Assuming that such cashiers, salesmen, and bartenders could even be found and distinctly recalled each purchase by the Chinese gentleman, what do you suppose it would cost the credit card companies to find ‘em, put ‘em all on oath in front of a notary, and later, transport them to the court room whenever their testimony was required?
The logistical problems in verifying one large debt are challenging. The logistical problems of verifying scores of individual transactions are almost impossible to overcome.
Thus, rather than attempt the impossible, once the Chinese gentleman asked that his debts be verified, the credit card companies ceased collection efforts.
The story illustrates an essential principle for the credit card industry: The entire business model is absolutely dependent on customers voluntarily repaying their debts. If customers stop repaying their debts voluntarily—and resist paying in court—the credit card industry will die.
• In support of that principle, The New York Times recently reported (“Problems Riddle Moves to Collect Credit Card Debt”) that,
The same problems that plagued the foreclosure process — and prompted a multibillion-dollar settlement with big banks — are now emerging in the debt collection practices of credit card companies.
As they work through a glut of bad loans, companies like American Express, Citigroup, and Discover Financial are going to court to recoup their money. But many of the lawsuits rely on erroneous documents, incomplete records and generic testimony from witnesses, according to judges who oversee the cases.
Lenders, the judges said, are churning out lawsuits without regard for accuracy, and improperly collecting debts from consumers.
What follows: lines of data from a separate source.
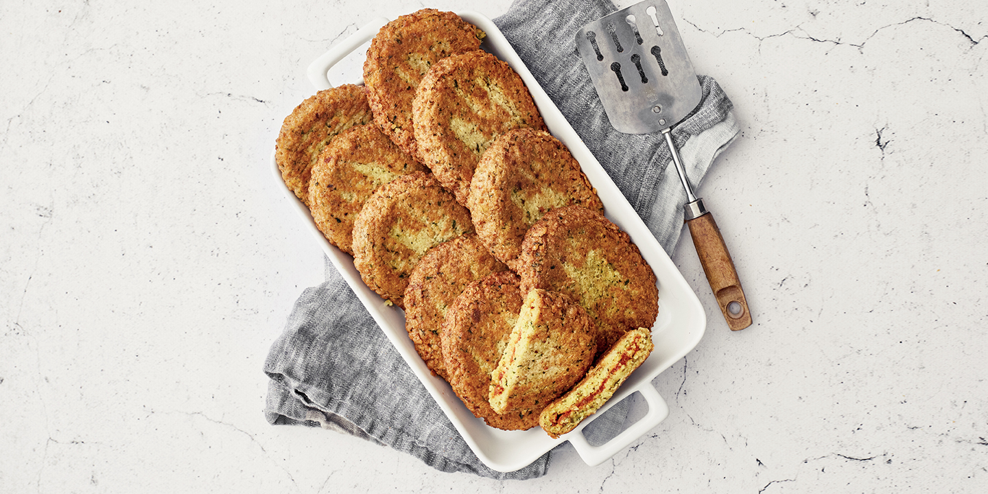 Kuluttajien pyynnöstä tuotiin palvelutiskiin täytetyt falafelpihvit. Makua ja mehevyyttä pihviin antaa paahdettu munakoiso-tomaattitäyte. Mausteena ripaus sitruunankuorta sekä juustokuminaa. Pihvit sopivat pöytään vaikkapa feta-kasviskiusauksen kanssa.
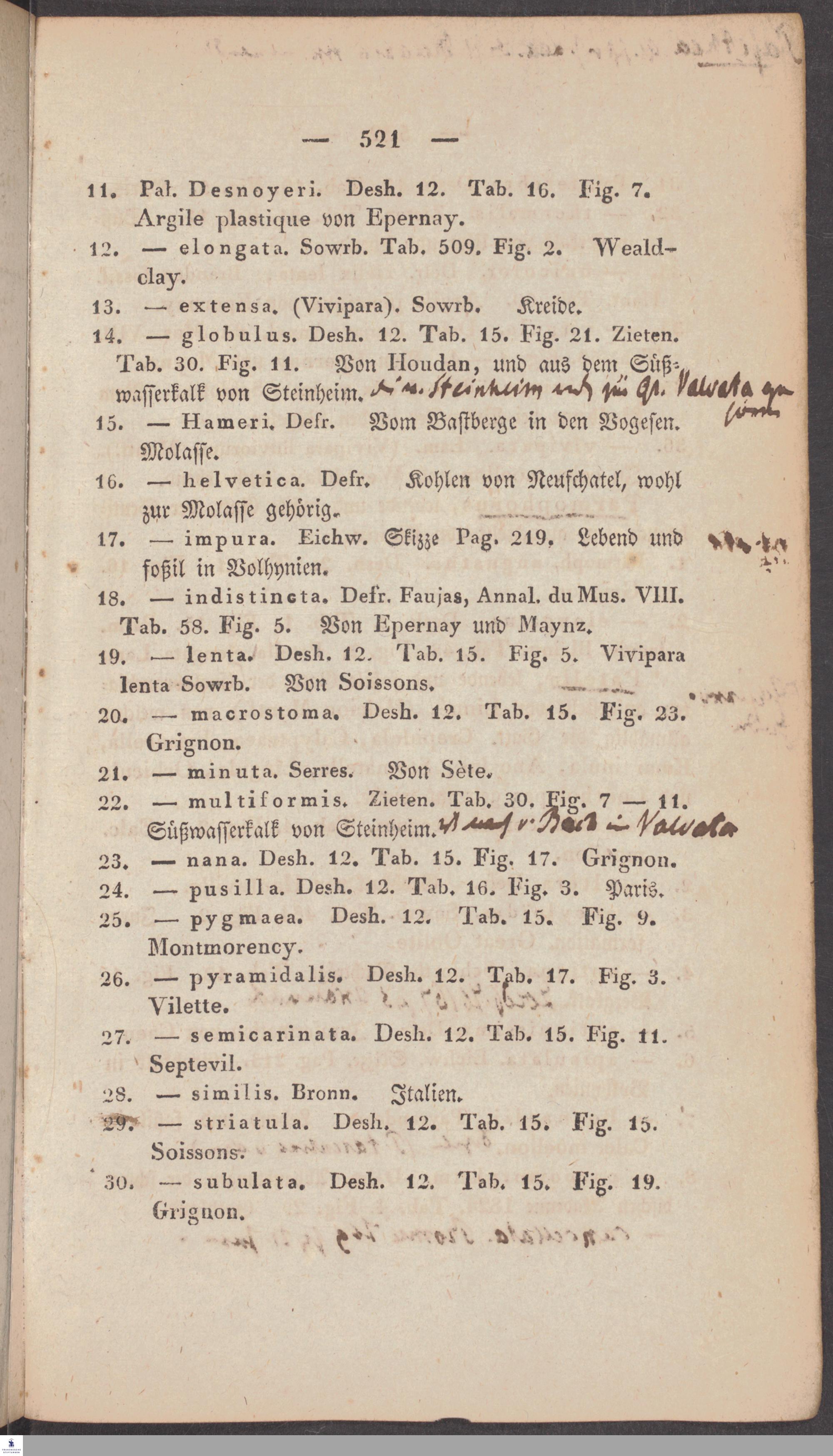 Handschriftliche Anmerkungen und Ergänzungen von Christian Keferstein in einem durchschossenen Exemplar seines Werks "Naturgeschichte des Erdkörpers. Band 2. Zweite Abtheilung. Achter Abschnitt. Die foßilen Mollusken".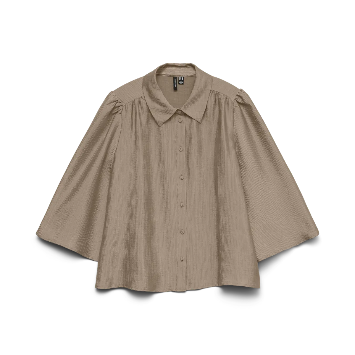 Lækker skjorte fra Vero Moda, i et let materiale. Skjorten har klassisk krave, korte brede ærmer, er gennemknappet samt har en masse fine detaljer.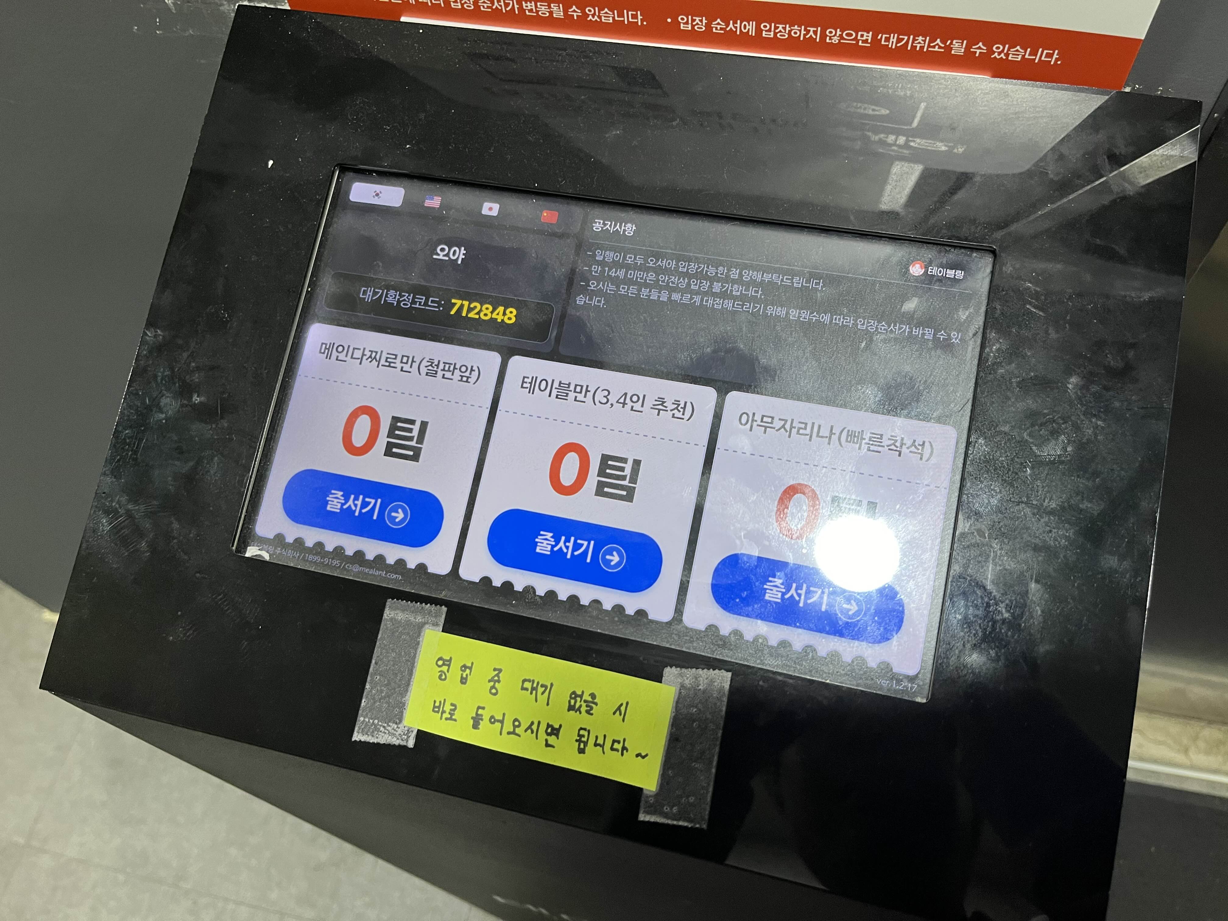대기 없을 시 바로 입장하면 된다고 한다. 저녁 시간에 대기가 있다면 예약 시스템을 통해 웨이팅할 수 있다.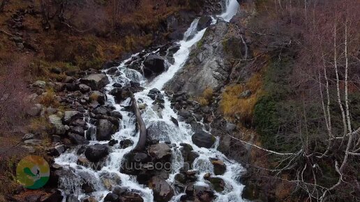 Удивительный Чучхурский водопад, спрятанный в ущелье Домбай-Ульген, недалеко от посёлка Домбай. Карачаево-Черкесия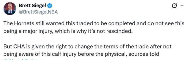 根据联盟多位随队记者的报道,黄蜂队在完成体检之前,对于怀特的这笔伤情完全不知情。在公牛队提供的球员健康信息中,可能并未重点标注这一情况,或者该伤情是在最近一两场比赛中新出现的。这一突发状况触发了NBA交易协议中的保护条款。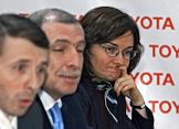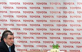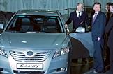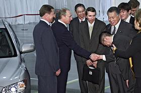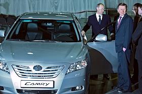 Президент России Владимир Путин (слева), президент компании "Toyota Motor Corporation" Кацуяки Ватанабэ (в центре) и первый заместитель председателя Правительства России Сергей Иванов (справа) во время посещения нового филиала завода японской компании "Toyota" (Тойота) в пригороде Санкт-Петербурга Шушары, где начался выпуск автомобилей "Toyota" "Camry".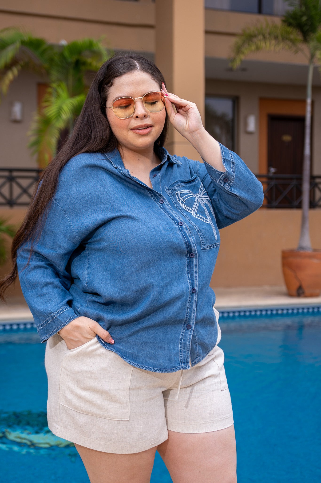 Camisa lisa denim c/bolsa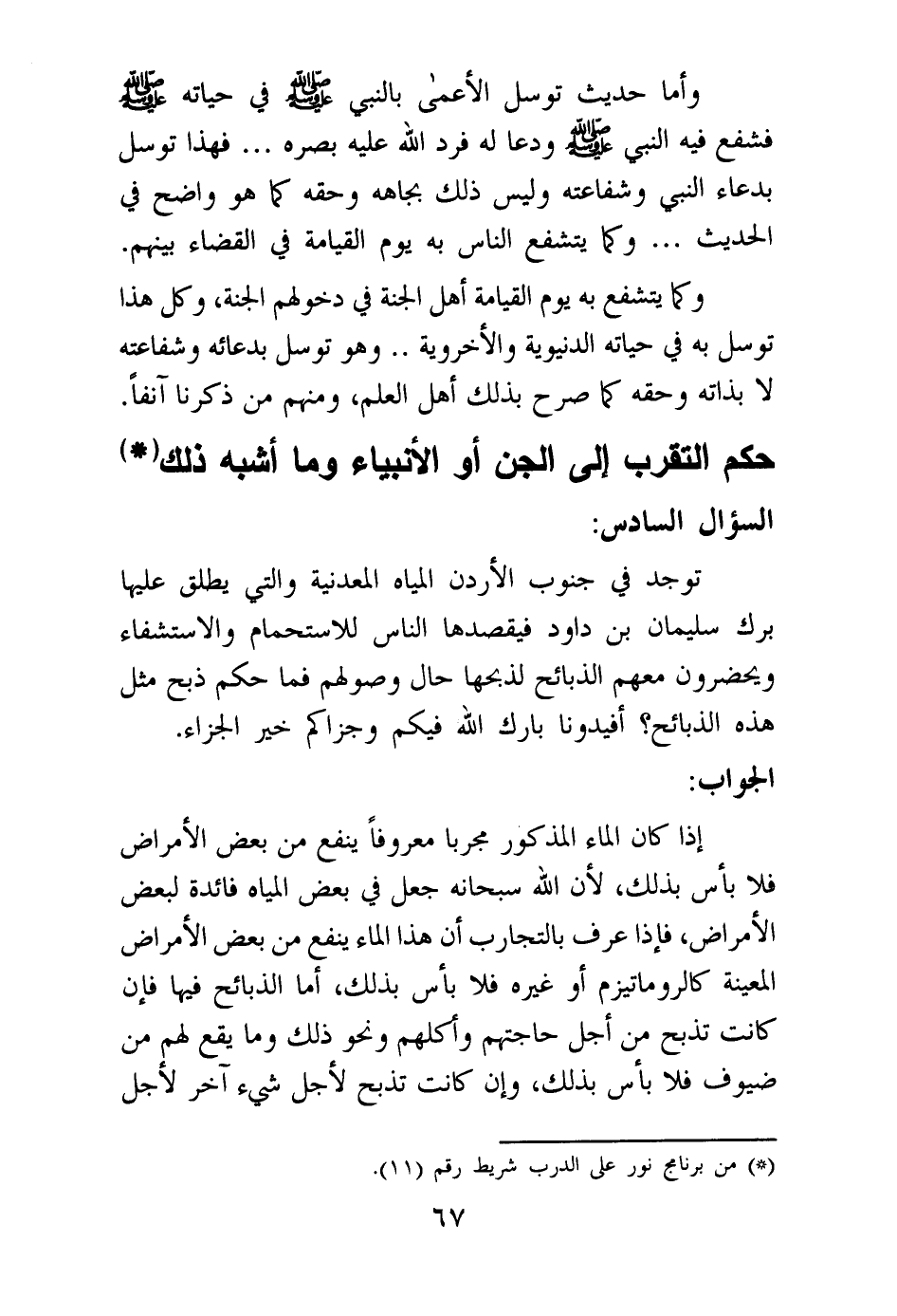 حكم التقرب إلى الجن أو الأنبياء وما أشبه ذلك (¬1)

The concerns echo a recent abuse in the foreclosure system, a practice known as robo-signing in which banks produced similar documents for different homeowners and did not review them.
The sheer volume of credit card transactions is so enormous that individual transactions are extremely difficult to accurately track, remember or record. As a result, companies that provide credit can’t legally and efficiently collect the amounts due.
Implications? Either the volume of credit card transactions must be limited to whatever number can be reliably tracked and enforced, or the very nature of credit card transactions must be modified to insure that efficient collection is possible.
If the nature of credit card transactions is significantly changed so as to make each credit card transaction more easily enforced, it seems certain that credit card transactions will become increasingly complex and difficult. If CC transactions become more difficult, CC usage will decline.
How might the “nature” of CC transaction (or at least the use of “plastic”) be changed?
One way would be to give most people debit cards rather than credit cards. Then, if you spend any money, it’s your money—not the credit card company’s money. The CC company has nothing at risk in the transaction. Virtually all liability for the transaction lies with the consumer.
Of course, if the CC company isn’t using its own money in the CC transaction, the CC company won’t earn a fee or interest. CC company business and profits will decline.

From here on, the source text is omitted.